What are the other senses?

These are the "lower senses" which include smell, taste, the four skin sensations, kinesthesis, and the equilibratory senses.

Smell - is the most primitive and most important of the senses. It has a more direct route to the brain than any other sense.

Taste - consist of the primary qualities: sweet, sour, salty and bitter. Other taste experiences are composed of fusion's of these qualities. The taste receptors are found in the taste buds. The number of taste buds decrease with age. In general, sensitivity to sweet is greatest at the tip of the tongue, to salty on the tip and sides, to sour on the sides, and bitter on the back.

Skin sensations - include pressure, pain, warm, and cold. All other skin sensations are variations of the four basic sensations. They are described as itch, tickle, quick-pricking pain, or dull long-lasting pain.

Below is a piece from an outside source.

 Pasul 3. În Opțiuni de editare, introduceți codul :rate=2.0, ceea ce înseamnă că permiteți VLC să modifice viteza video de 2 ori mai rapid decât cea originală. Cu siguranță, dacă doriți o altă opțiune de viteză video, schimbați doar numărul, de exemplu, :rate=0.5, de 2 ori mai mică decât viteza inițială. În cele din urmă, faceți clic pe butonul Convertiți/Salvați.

Kinesthesis - a sensory system that informs us of the position and movement of parts of the body: muscle, tendon, and joint sense. Without kinesthesis we would have great difficulty in maintaining, posture and in walking, climbing, and controlling other movements like reaching and grasping.

Equilibratory senses - cooperates with the kinesthesis. The equilibratory senses deal with total body position in relation to gravity and with motion of the body as a whole. The sense organs for equilibrium are located in the inner-ear.